I tried to train my resnet34 model on google images of some of the most “confusable” mushroom. My error rate is still pretty bad at >30%, learning rate plot looks pretty flat and past e-3 it shoots up I am guessing there are a few reasons for it:

Too much garbage in images
Mushrooms REALLY look alike
Need to identify parts of mushrooms, groups of mushrooms, etc.

Is there hope to be within 1-5% accurate?

bwarner · October 17, 2019, 5:14pm

Hi @OlgaUW, welcome to the fastai community.

Without seeing your code or images, there are several potential issues I can think of

Not enough images per class
Images have a high label error rate
Images fed to the model are too small to distinguish defining features between species
ResNet34 probably isn’t the best model architecture for this problem
A different set of data augmentations might help the model generalize better

A quick google search shows there is a mushroom dataset available from the
Natural History Museum of Denmark. I’d try using that dataset as a base.

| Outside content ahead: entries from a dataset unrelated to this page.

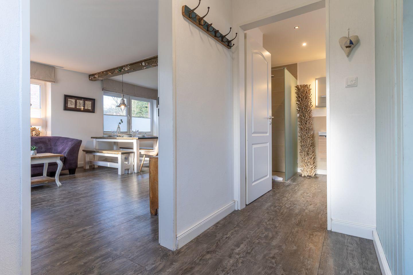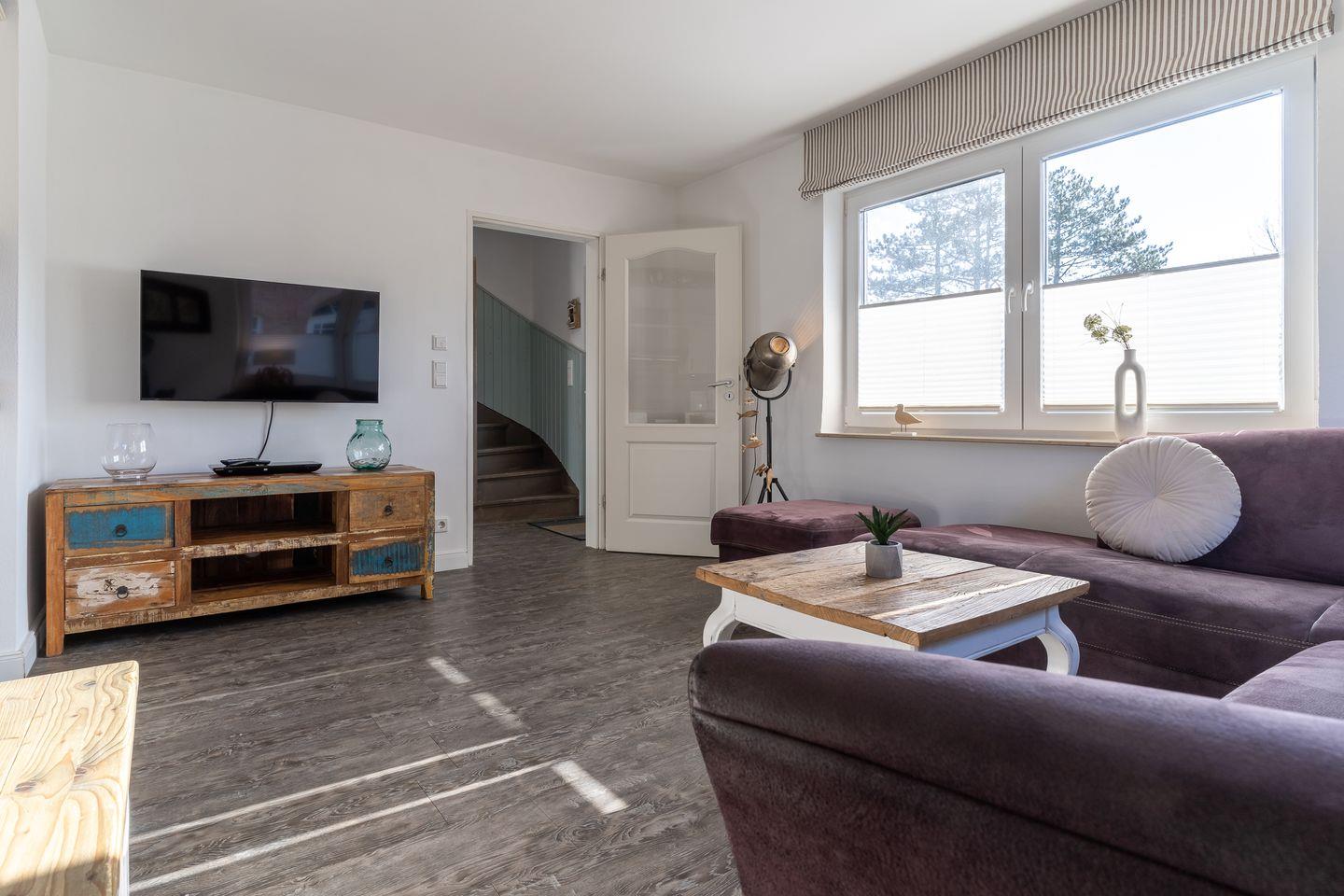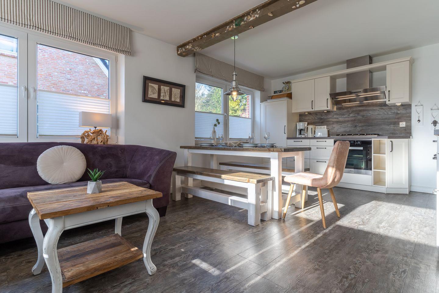 Das wunderschöne "Frahmshus" bietet Platz für 1-6 Personen. (8 Personen auf Anfrage) Das Grundstück mit Stellplatz, Garten und einer großzügigen Terrasse inklusive Gartenmöbeln ist mit hübschen Pflanzen angelegt und umzäunt. Das Haus verfügt über ca. 100m² Wohnfläche und teilt sich wie folgt auf: Im Erdgeschoss befindet sich der Wohnraum und eine großzügige offenen Wohnküche. Ein stilvoller Flur mit Zugang zum großzügigen Garten, sowie ein großzügiges Duschbad.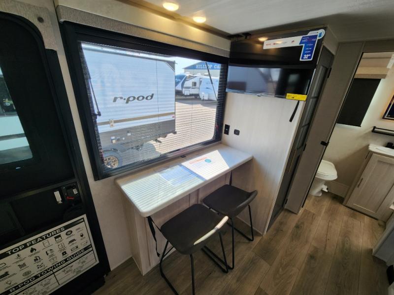 With any R-Pod travel trailer by Forest River, you will enjoy affordable luxury at the lowest tow weight in its class! There is a sealed underbelly with forced heat, a curved dual-pane acrylic front window with a bug screen and night shade, plus a large roof mounted solar panel for off-grid capabilities. The 15K A/C unit will keep you comfortable during the summer camping months, and the tankless water heater will provide endless hot showers after hiking, biking, swimming and more! Each model also includes a black glass friction hinge entrance door, roof ladder prep, exterior motion lighting, plus a hot and cold exterior spray port to wash off sand from the beach. Inside, you'll enjoy seamless Surf-X kitchen countertops, blackout roller shades, and a central vacuum system for hassle-free cleaning!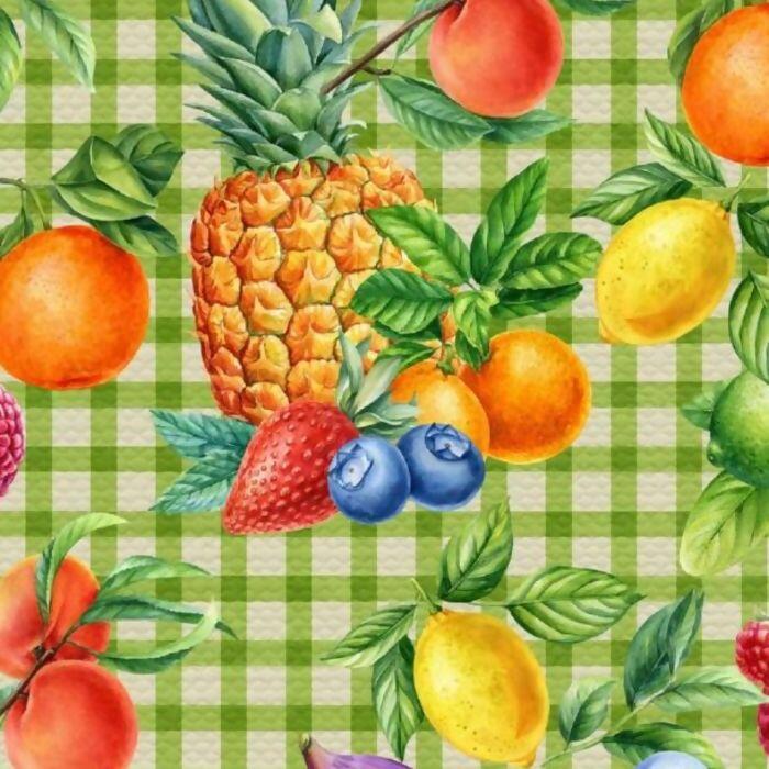 Descrição Tecido Tricoline Digital Mix Frutas Fundo Xadrez
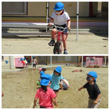 今日はとっても良いお天気で園庭ではどろんこ遊びを楽しむお友達も(^▽^)/

Pomo · October 17, 2019, 6:16pm

Hi Olga and welcome,

As a long-time mushroom picker, your post made me smile. Most educated amateurs completely avoid the entire Amanita and Galerina genuses because it is difficult to precisely key out the species, and any error could have huge consequences.

To positively identify a mushrooms from a photo is likely impossible. In practice, you would pick it up and look from various angles to see the gills, cap, base, and stipe closeup in their forms and colors. You might feel for oiliness or brittleness. You might smell it, or taste a bit. You’d look at the season and habitat. You would assess how confident you are about those observations. All those factors are integrated to come up with a likely identification. And if the factors for that id are definitively far from anything deadly poisonous, you might choose to eat it.

So my guess is that 1-5% error rate classifying confusable mushrooms from a single photo is not attainable. And identifying deadly poisonous ones will not be safe unless the error rate is .000000001%. My suggestion is to start with an easier task at the genus level, because these broad categories are easier to distinguish visually. For example, “might possibly be Amanita” vs. “definitely not Amanita”. If any Amanitas at all fall into “definitely not”, you will have some fine tuning to do.

HTH,
Malcolm